▶ [EXERCISE GOAL] Without the images, repeat every line of the listing verbatim.

▶ [DATASET EXCERPT]

+ + + + +

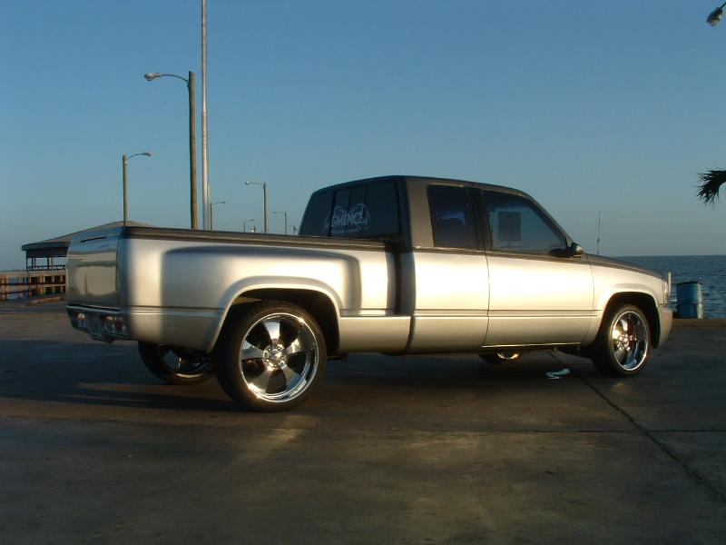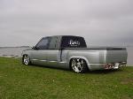 Caddy front clip, shaved door and tailgate handles, shaved 3rd brake light relocated to tailgate bodyline with 24 inch led, shaved taillights and rear step and front step pads, custom rollpan filled with modified 97 integra tails, speed glo mirrors sprayed platinum and silver bunch of scratches and dings
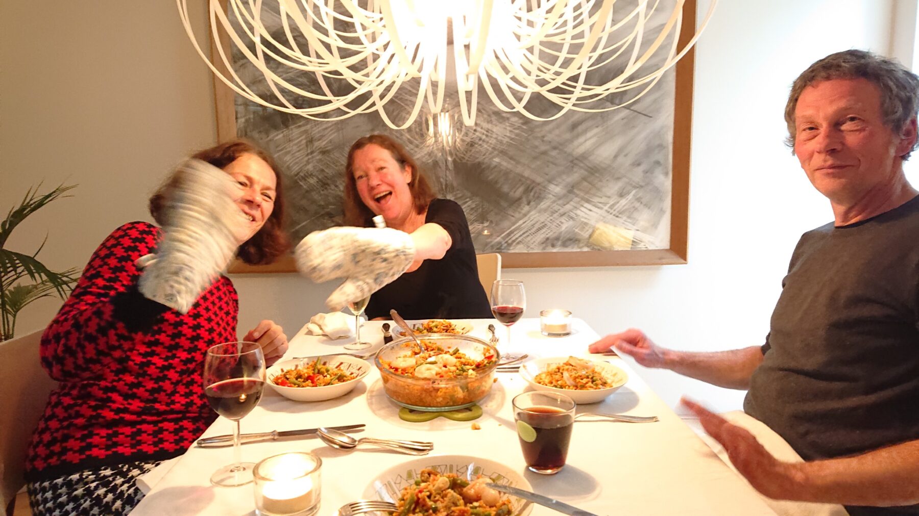 Regelmatig nodigde Anita vrienden thuis op de Karnemelksloot of in ons vakantiehuis Anna aan de Motte uit voor een gezellige avond. Dat alles altijd onder het genot van een heerlijke zelf klaargemaakte maaltijd met een goed glas wijn. We reden voor goede vis vaak naar Urk om super lekkere warm gerookte zalm te kopen bij de ‘Jongens van de Fant’ of ingrediënten zoals gamba’s voor in de Paella. Anita kon dat Spaanse gerecht geweldig goed klaarmaken en het was één van de favoriete gerechten van onze vrienden Kitty en Cor hier samen met Anita in een hele vrolijke bui.
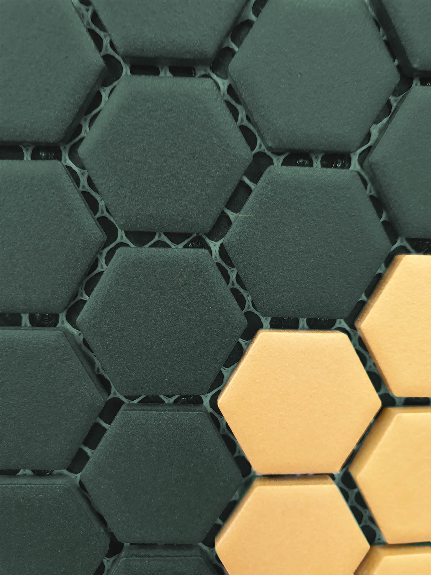 Mozaiek Hexagon Mat Tuscany Gold 2,3x2,6 is een prachtige mozaïek hexagon mat in de kleur Tuscany Gold. Perfect voor een stijlvolle en luxueuze uitstraling.

+ + + + +

▶ [RESULT]
 Caddy front clip, shaved door and tailgate handles, shaved 3rd brake light relocated to tailgate bodyline with 24 inch led, shaved taillights and rear step and front step pads, custom rollpan filled with modified 97 integra tails, speed glo mirrors sprayed platinum and silver bunch of scratches and dings
 Regelmatig nodigde Anita vrienden thuis op de Karnemelksloot of in ons vakantiehuis Anna aan de Motte uit voor een gezellige avond. Dat alles altijd onder het genot van een heerlijke zelf klaargemaakte maaltijd met een goed glas wijn. We reden voor goede vis vaak naar Urk om super lekkere warm gerookte zalm te kopen bij de ‘Jongens van de Fant’ of ingrediënten zoals gamba’s voor in de Paella. Anita kon dat Spaanse gerecht geweldig goed klaarmaken en het was één van de favoriete gerechten van onze vrienden Kitty en Cor hier samen met Anita in een hele vrolijke bui.
 Mozaiek Hexagon Mat Tuscany Gold 2,3x2,6 is een prachtige mozaïek hexagon mat in de kleur Tuscany Gold. Perfect voor een stijlvolle en luxueuze uitstraling.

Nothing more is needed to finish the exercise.